EXERCISE DETAILS
Look below for the line containing "Expression Leather Croc-Embossed"; from there through the line containing "Ein einfacher Kurbelmechanismus", both lines included, please set down each line exactly and nothing else.

SUPPLIED MATERIAL
────

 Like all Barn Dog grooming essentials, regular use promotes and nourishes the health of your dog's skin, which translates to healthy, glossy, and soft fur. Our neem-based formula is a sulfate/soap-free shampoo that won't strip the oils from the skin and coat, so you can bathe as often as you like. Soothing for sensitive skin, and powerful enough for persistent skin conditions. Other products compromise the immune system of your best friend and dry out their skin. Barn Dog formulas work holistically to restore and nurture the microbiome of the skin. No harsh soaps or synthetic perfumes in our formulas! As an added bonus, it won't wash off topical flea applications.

────

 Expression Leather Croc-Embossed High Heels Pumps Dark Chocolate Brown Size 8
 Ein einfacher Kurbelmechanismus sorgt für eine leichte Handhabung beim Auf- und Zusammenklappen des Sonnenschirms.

────

RESPONSE TO THIS EXERCISE
 Expression Leather Croc-Embossed High Heels Pumps Dark Chocolate Brown Size 8
 Ein einfacher Kurbelmechanismus sorgt für eine leichte Handhabung beim Auf- und Zusammenklappen des Sonnenschirms.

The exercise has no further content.